If the score is intended for MuseScore performance, then the intended instrument is not flute, chorus, organ, or orchestra, but "MuseScore", and everyone has one available. Listing the midi instruments used is as superfluous and useless as listing the bytes of the file.

But if the score is intended for human forces, listing midi instruments used in any capacity, no matter how divined, especially hidden ones, is incorrect in enough cases as to make this information embarrassing for serious authors. Why is this so hard if the visible product can be made better by simply removing this often-incorrect new display?

I can control what the score looks like, and with enough devious ingenuity, what it sounds like. Why can't I control how it's summarized or indexed? Why MUST this be a magic, tone-deaf formula based upon the sounds I used to get the computer sounds I want for visitors?

If you're telling me that I and others "should not" be writing scores where the intended instrumentation is not that chosen from the MS Midi palette, please explain why you consider that to be within your purview.

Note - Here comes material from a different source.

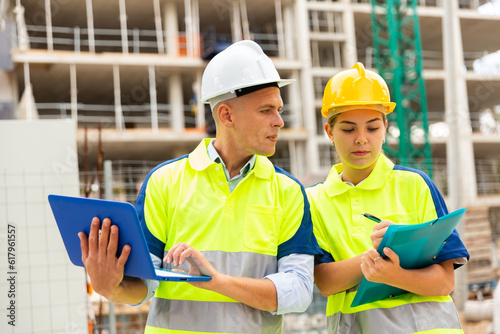 Man and woman builders in uniform and hardhats discussing while standing in construction site. Man using laptop, woman holding folder with documentation.

The intended instrumentation of a score is wholly the choice of the composer, to be conveyed to performers and audiences. Web sites and computer applications have no role in that choice. The computer details (e.g., midi instruments, hidden tracks) used by a MuseScore author to make a web-site copy of that score (whether his or her own work or that of a famous composer) "play" properly are not at all the same thing. Period.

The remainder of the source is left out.